TASK REQUIREMENTS: Starting from the first line, set down the entire listing exactly.

RECORDED DATA:

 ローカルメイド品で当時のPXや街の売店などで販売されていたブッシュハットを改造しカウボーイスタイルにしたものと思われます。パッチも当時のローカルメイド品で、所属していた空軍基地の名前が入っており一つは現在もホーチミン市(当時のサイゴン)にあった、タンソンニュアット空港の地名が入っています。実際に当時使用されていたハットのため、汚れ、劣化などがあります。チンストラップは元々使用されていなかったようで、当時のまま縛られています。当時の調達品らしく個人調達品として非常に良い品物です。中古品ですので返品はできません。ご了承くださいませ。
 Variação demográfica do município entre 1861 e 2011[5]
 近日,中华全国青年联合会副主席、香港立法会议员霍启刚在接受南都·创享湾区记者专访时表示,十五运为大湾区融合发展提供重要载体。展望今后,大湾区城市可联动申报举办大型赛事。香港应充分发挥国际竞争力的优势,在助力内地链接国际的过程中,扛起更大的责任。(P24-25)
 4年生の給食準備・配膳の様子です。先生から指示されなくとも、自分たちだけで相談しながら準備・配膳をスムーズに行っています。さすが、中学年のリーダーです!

OUTPUT BELOW:
 ローカルメイド品で当時のPXや街の売店などで販売されていたブッシュハットを改造しカウボーイスタイルにしたものと思われます。パッチも当時のローカルメイド品で、所属していた空軍基地の名前が入っており一つは現在もホーチミン市(当時のサイゴン)にあった、タンソンニュアット空港の地名が入っています。実際に当時使用されていたハットのため、汚れ、劣化などがあります。チンストラップは元々使用されていなかったようで、当時のまま縛られています。当時の調達品らしく個人調達品として非常に良い品物です。中古品ですので返品はできません。ご了承くださいませ。
 Variação demográfica do município entre 1861 e 2011[5]
 近日,中华全国青年联合会副主席、香港立法会议员霍启刚在接受南都·创享湾区记者专访时表示,十五运为大湾区融合发展提供重要载体。展望今后,大湾区城市可联动申报举办大型赛事。香港应充分发挥国际竞争力的优势,在助力内地链接国际的过程中,扛起更大的责任。(P24-25)
 4年生の給食準備・配膳の様子です。先生から指示されなくとも、自分たちだけで相談しながら準備・配膳をスムーズに行っています。さすが、中学年のリーダーです!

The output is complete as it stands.